Problem details >> Write out again, exactly as they appear, the lines from the start of the data below through the line with "A lion rests"; no pictures.
*** Data segment ***
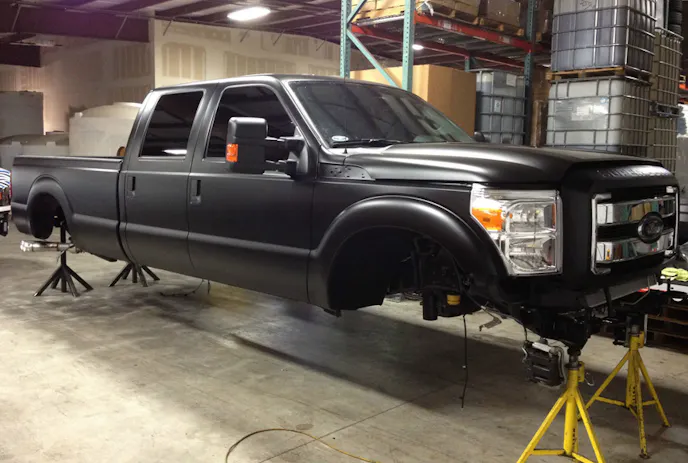 The base truck is a 2012 Ford F-250 Crew Cab Long Bed 4×4. There have been 3,500 miles put on the truck since it was built. The entire suspension was pulled off and a Kelderman 8 to 10” 4 link lift kit was added that is controlled by AccuAir’s e-Leveling system. The Kelderman kit features dual Viair 444 air compressors and dual 3 gallon air tanks. To keep the ride soft and comfortable, a set of custom black Sway-A-Way remote reservoir shocks were added.
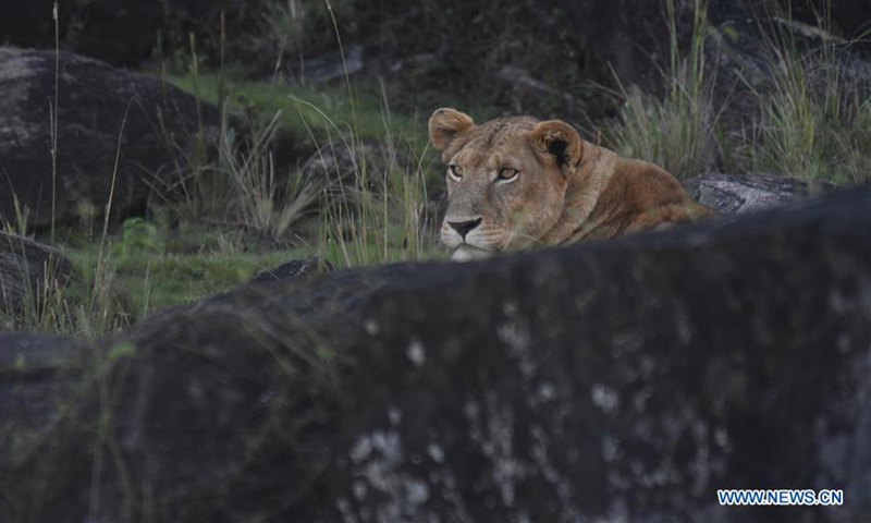 A lion rests on a rock in Kidepo Valley National Park, northeastern Uganda, Oct. 24, 2020. Uganda has reopened all its national parks in efforts to revamp the country's tourism sector which was hit by the ongoing COVID-19 pandemic. (Photo by Ronald Ssekandi/Xinhua)
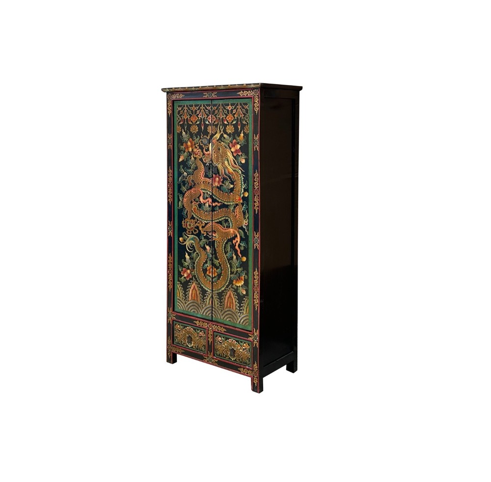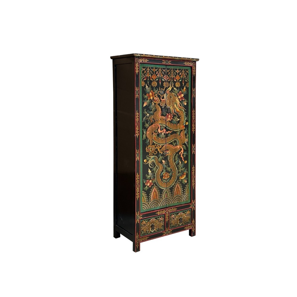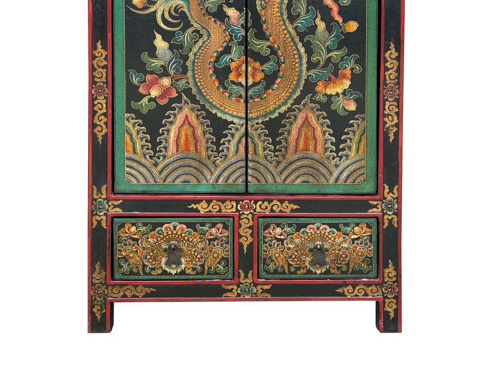 Tibetan Style Golden Dragon Graphic Tall Slim Narrow Storage Cabinet ws4610 DESCRIPTION This striking tall cabinet showcases exquisite Tibetan artistry, likely a vintage or antique piece that serves as a captivating focal point. The double doors are adorned with a dramatic, hand-painted golden dragon, a powerful symbol of good fortune, strength, and wisdom in Tibetan culture. The intricate details of the dragon are further enhanced by surrounding floral and geometric motifs, characteristic of traditional Tibetan design and often imbued with Buddhist symbolism. The cabinet features a dark, possibly lacquered background that accentuates the vibrant colors of the artwork. With additional storage in the lower section, this unique piece offers both aesthetic appeal and practicality, perfect for collectors of Asian art, those seeking spiritual and symbolic decor, or anyone desiring a bold and culturally rich statement in their home. Dimensions: w27.5" x d15.5" x h67" Origin: China Material: Wood Condition: hand-made, distressed marks Work : Ship in one piece We offer a flat shipping fee of $445 for customers in the contiguous United States (48 states) for convenient curbside delivery. (Additional shipping costs will apply to customers in New York, Hawaii, Alaska, US Islands, Florida Keywest, or Canada, based on their specific location). The shipping cost includes insurance and handling charges for added protection.For customers in San Francisco or the Bay Area, we provide local delivery at a cost determined by the distance. You can find the exact cost by entering your zip code during checkout. Alternatively, you can pick up your order in-store with no extra shipping fee.If you need extra care and a white-glove experience, we offer a specialized service with a 4-8 week transit time, tailored to your destination. Contact us for a detailed quote on this service.Upon receiving your shipment, please carefully inspect the exterior packaging while the delivery personnel are present. Note any visible damage on the delivery paperwork, as carriers do not typically honor concealed damage claims. Your cooperation in documenting any visible damage is greatly appreciated Shipping Payment Return Contact Us Shipping Payment Return Contact Us US domestic continental buyer of 48 state pays listed shipping charge for curbside delivery. Customer from Hawaii, Alaska, US Island, Florida Key West and Canada pays extra Shipping cost. Insurance and handling charge are included in the shipping cost. Curbside - trucker drops off the pallet roadside of your location. We normally ship within 5 to 7 business days after payment, usually sooner. When your shipment is delivered, carefully inspect the outside of the packaging before the delivery personnel leave. It is important to clearly indicate if there is any visible damage to the packaging or items on the delivery paperwork. Carriers usually do not honor concealed damage claims so it is crucial to clearly indicate any visible damage to the packaging or items on the delivery paperwork. In-store pickup is highly welcomed if you are in San Francisco Bay Area (No charged) White Glove In-house Delivery service can be arranged - estimate an additional $500 -$700 based on the furniture size and volume. The Shipping company needs to accumulate shipments to move from coast to coast, so please understand the transit time is about 6 - 8 weeks. For customer who are looking to buy multiple items, we can do combine shipping - several items on the same pallet or small item inside the largest items as long as it can fit in. Global shipping is available, please contact us. We accept Paypal and all major credit card (Visa, Master, American Express and Discover) For internatinal customer, the easiest way is to pay by Paypal, we will only ship to Paypal comfimed address. - In the event that you would like to return your purchase, we allow returns that are processed within the defined return date (the return date is to be found in the return policy/shipping and handling section) - Please contact us for a return authorization and the return shipping address - We advise you to use a reputable carrier service when returning your goods. Please pack all returns appropriately. - Buyer may be responsible for round trip shipping. Damage Claim: For Curbside trucking shipment, please check the product is in good condition before you sign the release paper and accept the shipment. Report to the driver and write a note on the shipping document if there is any damage. Take photos for the record. We are not responsible for any conceded damage reported afterward. Customer is responsible to report any damage as soon as possible after receiving the item, All packing material should be kept for damage claim. We will not responsible for any damage cost if damage claim cannot be filed to the insurance company due to customer mistake " did not keep the original packaging material and box" If you have any question, please contact us via ebay. We usually respond within 10 min during office hour. Monday ~ Sunday (7days 10.00 am till 6.00 pm). See our other items This striking tall cabinet showcases exquisite Tibetan artistry, likely a vintage or antique piece that serves as a captivating focal point. The double doors are adorned with a dramatic, hand-painted golden dragon, a powerful symbol of good fortune, strength, and wisdom in Tibetan culture. The intricate details of the dragon are further enhanced by surrounding floral and geometric motifs, characteristic of traditional Tibetan design and often imbued with Buddhist symbolism. The cabinet features a dark, possibly lacquered background that accentuates the vibrant colors of the artwork. With additional storage in the lower section, this unique piece offers both aesthetic appeal and practicality, perfect for collectors of Asian art, those seeking spiritual and symbolic decor, or anyone desiring a bold and culturally rich statement in their home. Dimensions: w27.5
*** End of Data segment ***
Task response >>
 The base truck is a 2012 Ford F-250 Crew Cab Long Bed 4×4. There have been 3,500 miles put on the truck since it was built. The entire suspension was pulled off and a Kelderman 8 to 10” 4 link lift kit was added that is controlled by AccuAir’s e-Leveling system. The Kelderman kit features dual Viair 444 air compressors and dual 3 gallon air tanks. To keep the ride soft and comfortable, a set of custom black Sway-A-Way remote reservoir shocks were added.
 A lion rests on a rock in Kidepo Valley National Park, northeastern Uganda, Oct. 24, 2020. Uganda has reopened all its national parks in efforts to revamp the country's tourism sector which was hit by the ongoing COVID-19 pandemic. (Photo by Ronald Ssekandi/Xinhua)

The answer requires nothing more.